OAUTH2 is a suite of documents that defines an authentication and authorization process--a set of rules and procedures that allows a user to control how a program can login to a service (for instance, to send mail), and what it can do while it is logged in. Many of its goals are entirely admirable:
There are other more minor benefits that the developers of the framework make reference to, but these are the main ones the user will see. But you only get benefits from something like this if it is well-designed and implemented.
Very annoyingly, sites like GMail and Microsoft's outlook.com site have taken to calling OAUTH2 "modern authentication", as if this somehow marks it as a well-thought-out, balanced mechanism: unfortunately, neither is true.

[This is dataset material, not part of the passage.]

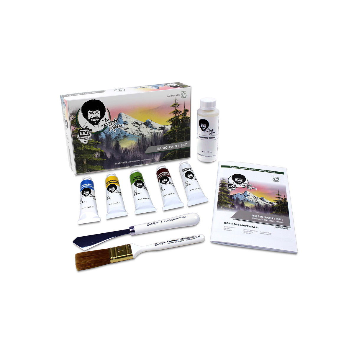 Un set ideal para empezar a aprender los métodos Bob Ross. Contiene cinco tubos de 37 ml de óleos Bob Ross, incluyendo carmesí de alizarina, amarillo de cadmio, azul ftalo, verde savia y blanco de titanio; una botella de 118 ml de blanco líquido Bob Ross; una espátula de detalle Bob Ross n.° 5; y un pincel de paisajismo Bob Ross n.° 1. Incluye instrucciones detalladas.

OAUTH2 has had a very checkered history: originally a rather more complex framework called OAUTH 1, the process of developing OAUTH2 was so internally fraught that the lead author of the specification resigned and removed his name from the process before it was released. If you'd like to see a little history of OAUTH2, Wikipedia has an article here:
So why am I so critical of OAUTH2? Let me count the ways...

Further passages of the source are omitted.